Needle Distills Gemini Tool Calling into a 26M Parameter Model

Cactus Compute released Needle, a 26M parameter model that distills Gemini's tool-calling behavior into a compact, deployable artifact. The target is edge and on-device inference where full-scale models are not viable.

Needle is a 26M parameter model trained to replicate tool-calling behavior from Gemini. The team used knowledge distillation to compress structured output and function-calling capability into a model small enough to run on constrained hardware.

The practical implication: tool calling no longer requires a cloud round-trip to a frontier model. A 26M model that reliably emits well-formed function call payloads can run locally, inside a Docker container, on a microcontroller-class device, or embedded in a mobile app. Latency drops, API costs disappear, and the inference loop stays on-device.

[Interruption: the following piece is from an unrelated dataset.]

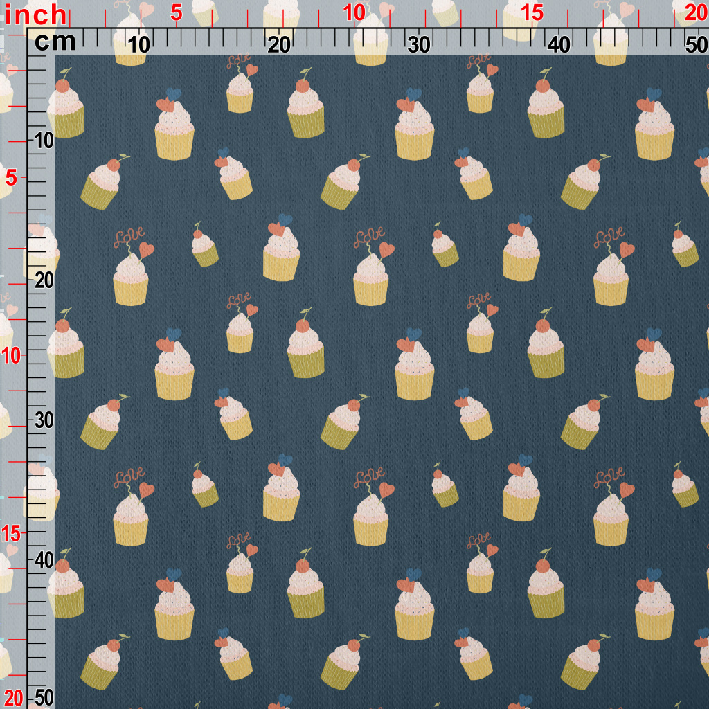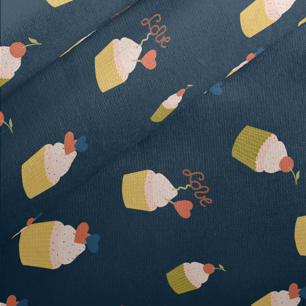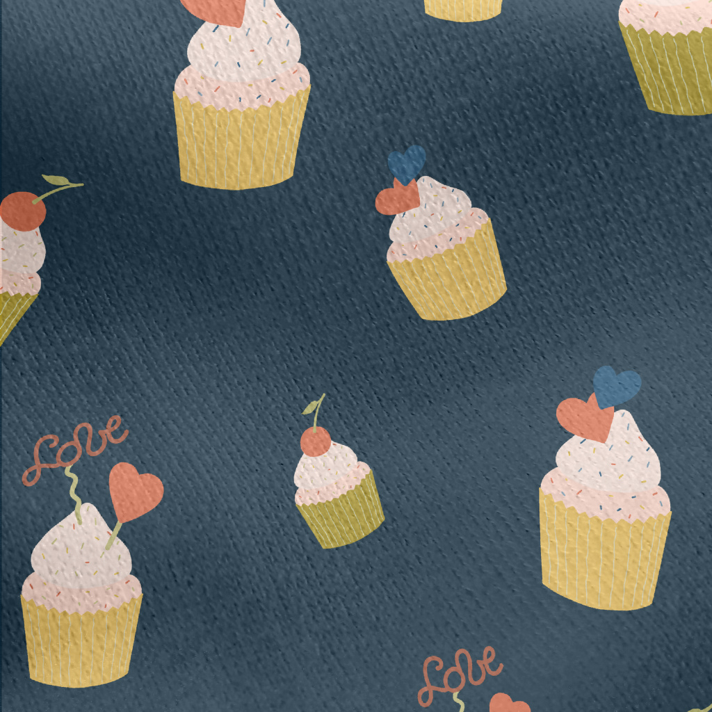 粉色櫻桃和愛心小蛋糕刷毛布(幅寬150公分)

Distillation at this scale is a meaningful data point. The conventional assumption has been that reliable structured output — especially tool invocation with correct argument types and schema adherence — requires a model with billions of parameters. Needle challenges that assumption directly. If the distilled behavior holds across diverse tool schemas, the architecture becomes a template for compressing other narrow LLM capabilities into sub-100M models.

For solo founders and small teams, the cost profile changes. Running a hosted frontier model for every tool call in an agentic loop is expensive at scale. A local 26M model handling routing and dispatch, with larger models reserved for reasoning-heavy steps, is a more defensible architecture for production systems that need to stay within budget.

The release is open-source on GitHub. The team has published the model weights and the distillation approach, which means the methodology is reproducible and forkable. Engineers building agents, copilots, or function-routing layers now have a concrete starting point for on-device tool orchestration.

The open question is generalization. Distillation from a single teacher model can produce brittle behavior outside the training distribution. Teams adopting Needle should benchmark it against their specific tool schemas before committing it to a production path.